MEMBERS REVIEW

ARANSAS
by Stephen Harrigan
UT Press
Aransas SH
Reviewed by Mary Bryan Stafford.
Stephen Harrigan’s Aransas spoke to me personally. I lived in Corpus Christi for half my life, and Aransas let me go back to spend a little time in reverie. It seemed Harrigan and I shared the same memories.
The setting lived and breathed through the novel. Harrigan brings the Aransas area to our senses in its languid and oppressive atmosphere. “And the day was similar––the perfectly calm sheet of water, the early morning air that seemed to rest like a heavy gas in my lungs, the overwhelming corrosive scent of dead fish and salt.”
I loved the references to The Tarpon Inn, Lichtenstein’s, The Petroleum Club, Spohn Hospital (although he doesn’t name it) and all the old haunts of Corpus Christi and Port Aransas. But even to those of you who have never been to the coast, you will be transported.
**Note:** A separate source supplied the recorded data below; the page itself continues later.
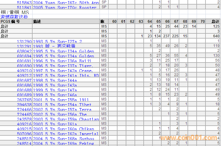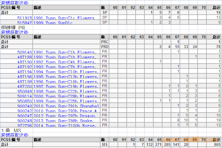 PCGS硬幣評(píng)級(jí)分?jǐn)?shù)分布 ..
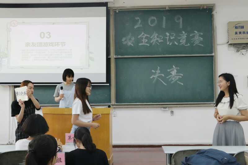 5月26日下午,安全知识竞赛决赛在金明综合楼2202室举行。决赛分“个人答题”、“画画传递猜词”、“亲友团游戏”、“小组答题”四个模块,18名同学组成六支队伍参与其中。“个人答题”过程中,每位成员轮流作答,从容应对,饱含睿智。“画画传递猜词”环节中各队成员两两结合,共同完成比赛。寂静的赛场上,一张纸、一支笔展现彼此间默契配合。“亲友团游戏”环节,各队伍亲友团机智灵敏,结合语言表达和肢体动作传递信息,他们的鼎力相助活跃了赛场气氛,笑声、掌声此起彼伏。“小组答题”中,各队伍抽取题目,在有限的时间里知识的火焰在熊熊燃烧。答题结束后,“星梦小队”力压其他队伍拔得头筹,但是由于另外五组得分相同,裁判组决定加赛一轮。他们谨慎思考,自信满满;他们果断抉择,力争上游。
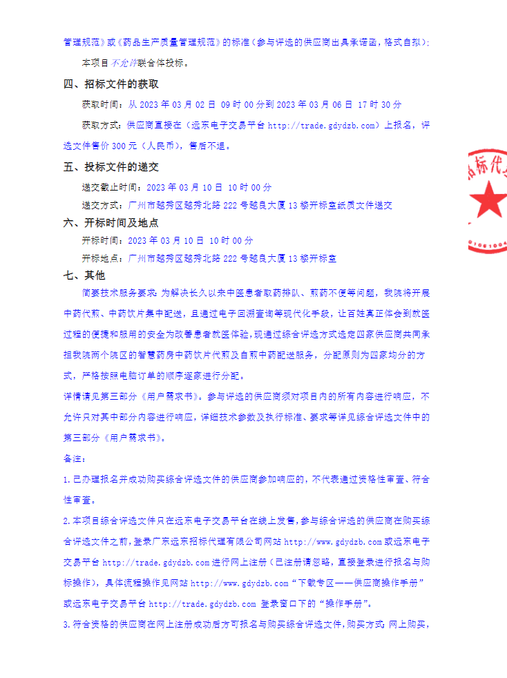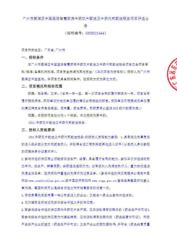 【广州市荔湾区中医医院】广东省广州市荔湾区中医医院智慧药房中药饮片配送及中药代煎配送服务项目评选公告
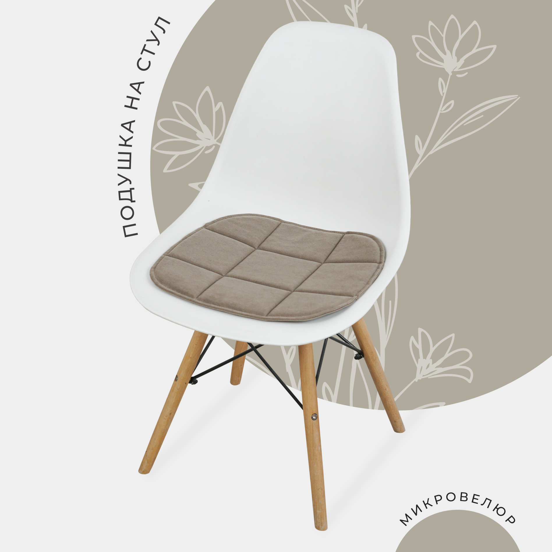 Подушка на стул из микровелюра, 38x39 см, кофейный информация:
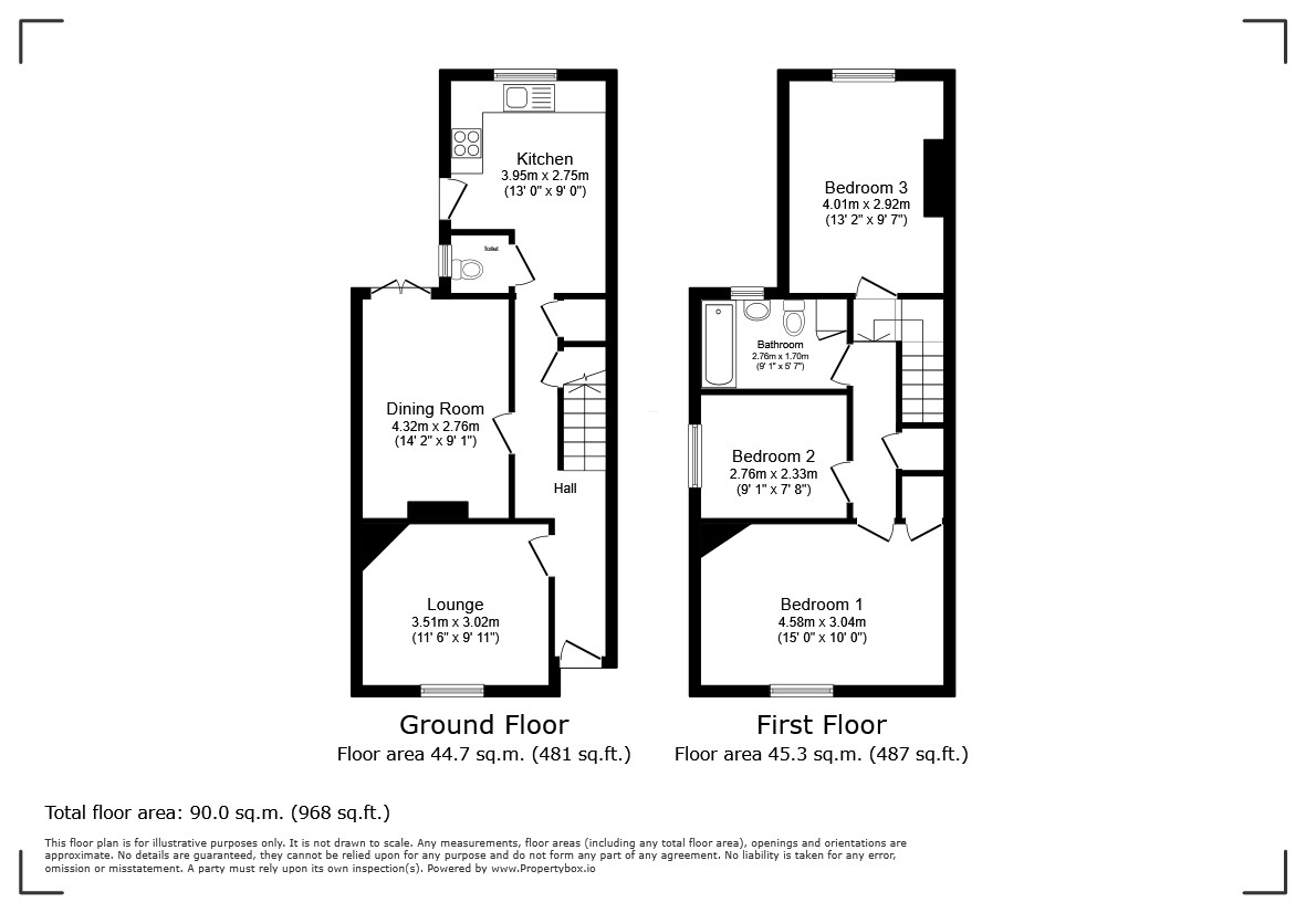 The ground floor offers two spacious reception rooms, useful understairs storage, a downstairs cloakroom, and a modern fitted kitchen. Upstairs, the property comprises three well-proportioned bedrooms and a stylish three-piece bathroom suite.

Of course, I was completely invested in the dolphins, their anima, their empathy and connection with humans, and the lure of that connection that could be their downfall. I fell in love with them all over again. “…if I were standing now on a sand bar starving and naked, what creature might I invoke to help stave off that special loneliness of my race. Surely that, that thing so far out in the water that it showed nothing of itself, except that one fin, but whose benevolence was an innate belief in my savage mind, a constant like the warmth of the sun.”
Harrigan’s main character, Jeff, faces the quandary of wanting to be one with the dolphin, yet free him from the confines and demands of man. It is a dilemma the reader identifies with and struggles along with the decision Jeff has to make.
I’ve always been a great fan of Harrigan, but now I would love to sit and talk with him for hours about what brought him to write this book. I plan to buy my own copy.